If there’s one thing I’ve learned in my years of working as a Certified Financial Planner™, it’s that entrepreneurs are a special breed of people. They’re motivated. They’re inspired. They’re incredibly tenacious. They’re smart. They’re optimistic. And they know how to get what they want.


On the flip side, many entrepreneurs are guilty of being a little pie-in-the-sky—especially when it comes to their own businesses. Unrealistic expectations of the exit process can both hinder the sale of a company and affect the morale of an entrepreneur getting ready to sell. Be wary of the mistakes below and you’ll enter the exit-planning process better informed, better equipped strategically, and more likely to enjoy your sale process.


1. Assuming They’ll Find Perfect Suitors Immediately


Since most entrepreneurs have enjoyed a lot of hard-earned success, it’s no wonder many assume that a buyer (or two or three . . .) will appear as soon as they’re ready to sell. Unfortunately, that’s just not the case for the majority of sellers. Nearly 80 percent of companies on the market won’t sell. Knowing this will stop you from becoming too impatient and will let you take steps now to ensure that your business is attractive to the buyers who are out there.


2. Assuming Their Business Will Sell for Many Times Their EBITDA


This is a big one. In my experience, most entrepreneurs automatically assume they will sell their business for four or five times their EBITDA easily. That’s because most haven’t done much research into average sales prices in their markets. According to a 2013 Q3 BizBuySell Insight Report, the average sale price for a small business was $180,000, with a multiple of 0.6. That comes out to a 60 percent value of EBITDA—not anywhere near 500 percent.


3. Assuming They’re Unstoppable


Hubris: It’s what entrepreneur Frederic Kerrest calls “a startup’s worst mistake” in his Forbes guest post. He writes, “It’s a big mistake that startups and established companies alike make. It lulls them into cockiness, complacency and a sense of invincibility and causes them to lose sight of what matters most—making customers successful.” Know your strengths, weaknesses, and your competition and you’ll make your company more profitable now and more saleable in the future.


4. Assuming They Can Sell Their Business Themselves


Many entrepreneurs may be attracted to the idea of selling their own business because they think they’ll save money and won’t have to pay any broker’s fees. While that may be true in the short term, selling your business without an exit team will hurt you in the long run and is essentially guaranteed to leave you with less money in the end.

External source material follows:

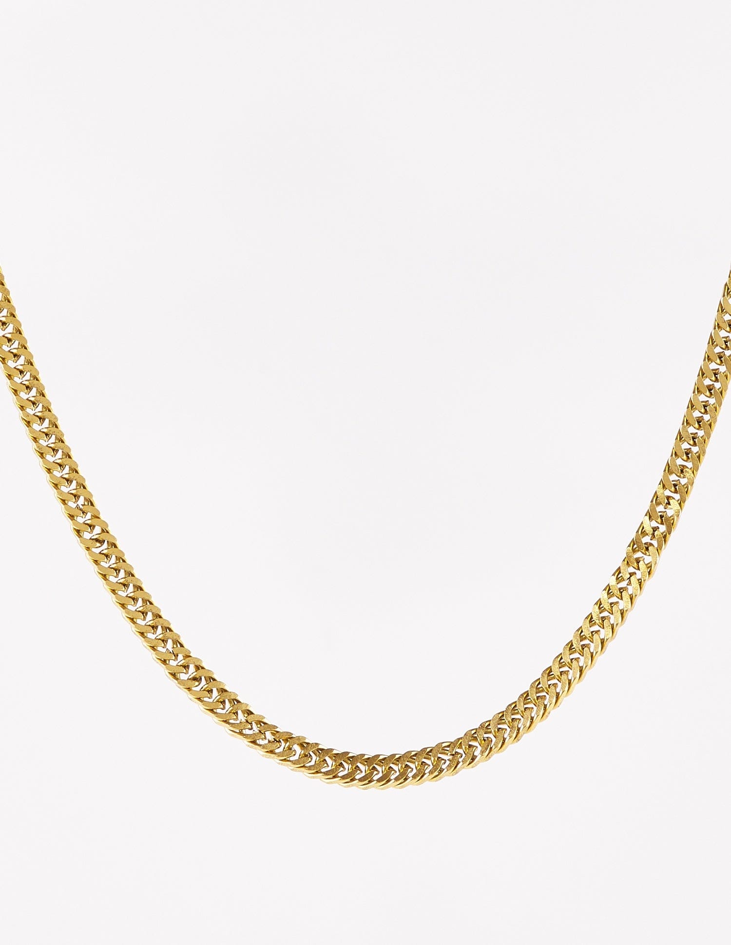 El collar con eslabones dorado Amaia es una cadena de eslabones gruesos y bastante parecido al collar Iris, a diferencia que este collar es algo más larguito e ideal para llevarlo y combinarlo como segunda altura.

5. Assuming Their Exit Is an Isolated Event


When fantasizing about the sale of your business, do you picture yourself signing a deal, cashing your check, and hopping on a plane to your favorite vacation destination? Many do. But you shouldn’t think of your exit as a one-time event: It’s a dynamic process that should take at least two or three years. Be willing to put the time into exit planning. You won’t be sorry.